When measuring melting points of fats or oils, some anomalies can be detected due to supercooling, but mainly to the fact that solid triglycerides exist in different crystalline forms (polymorphism), each of them with a different melting point. The crystalline form depends on the rate of cooling or heating, on the storage conditions (time, temperature…) These crystalline forms have an influence on the functional properties of the fat : e.g. butter spreading, milky aspects of oils.
DSC 131 Evo experimental conditions: Sample mass of about 10 mg in a 100μl sealed alumimum crucible
Profile: The temperature is programmed from RT up to 80°C at 5°C.min-1
– Without heat treatment
- Previously heated at 80°C then cooled quickly to RT
When the sample of tripalmitin is heated from 20°C up to 80°C, without any previous heat treatment, only one endothermic effect corresponding to the melting of the β-form is recorded at 65.0°C.
If the sample is previously heated at 80°C, then quickly cooled down to 20°C, the DSC curve shows three distinct melting peaks, corresponding to the α-form (44.2°C), the β’ -form (48.8°C) and the β-form (63.4°C).

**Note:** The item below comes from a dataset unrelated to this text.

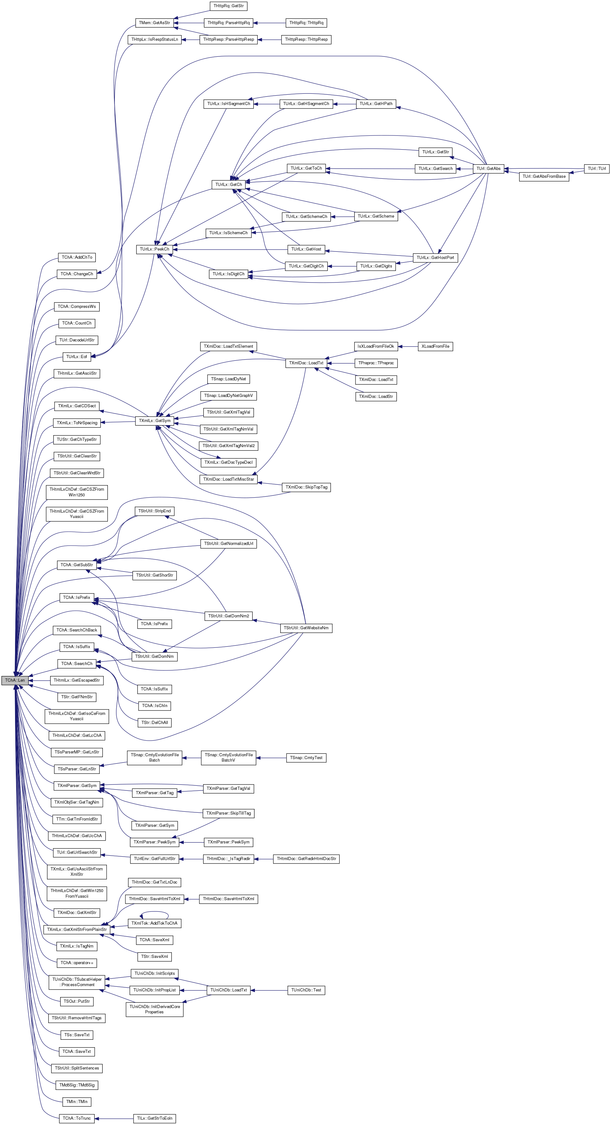 Referenced by AddChTo(), ChangeCh(), CompressWs(), CountCh(), TUrl::DecodeUrlStr(), TUrlLx::Eof(), THtmlLx::GetAsciiStr(), TXmlLx::GetCDSect(), TUStr::GetChTypeStr(), TStrUtil::GetCleanStr(), TStrUtil::GetCleanWrdStr(), THtmlLxChDef::GetCSZFromWin1250(), THtmlLxChDef::GetCSZFromYuascii(), TStrUtil::GetDomNm(), THtmlLx::GetEscapedStr(), TStr::GetFNmStr(), THtmlLxChDef::GetIsoCeFromYuascii(), THtmlLxChDef::GetLcChA(), TSsParserMP::GetLnStr(), TSsParser::GetLnStr(), TStrUtil::GetShorStr(), GetSubStr(), TXmlLx::GetSym(), TXmlParser::GetSym(), TXmlObjSer::GetTagNm(), TTm::GetTmFromIdStr(), THtmlLxChDef::GetUcChA(), TUrl::GetUrlSearchStr(), TXmlLx::GetUsAsciiStrFromXmlStr(), TStrUtil::GetWebsiteNm(), THtmlLxChDef::GetWin1250FromYuascii(), TXmlDoc::GetXmlStr(), TXmlLx::GetXmlStrFromPlainStr(), IsPrefix(), THttpLx::IsRespStatusLn(), IsSuffix(), TXmlLx::IsTagNm(), operator+=(), TUniChDb::TSubcatHelper::ProcessComment(), TSOut::PutStr(), TStrUtil::RemoveHtmlTags(), TSs::SaveTxt(), SaveTxt(), SearchCh(), SearchChBack(), TStrUtil::SplitSentences(), TStrUtil::StripEnd(), TMd5Sig::TMd5Sig(), TMIn::TMIn(), TXmlLx::ToNrSpacing(), and ToTrunc().

The exothermic peaks indicate the transformation α → β’ and β’ → β.
In this case, the sample was heated at 5°C/min then cooled at different temperature scanning rates.
The here above figure presents the heating thermograms following those cooling phases. A cooling rate of 0.1°C/min allows to reach the equilibrium since only the more stable polymorph is observed. While increasing the cooling rate, the crystallization of β’-form and then α-form (the less stable form) starts to appear.
At 0.2°C/min, the melting of β’-form is observed and with a cooling rate of 0.5°C/min, the melting
of the α-form is measured.
The transition β’→ β is shifted to lower temperatures when the cooling rate increases.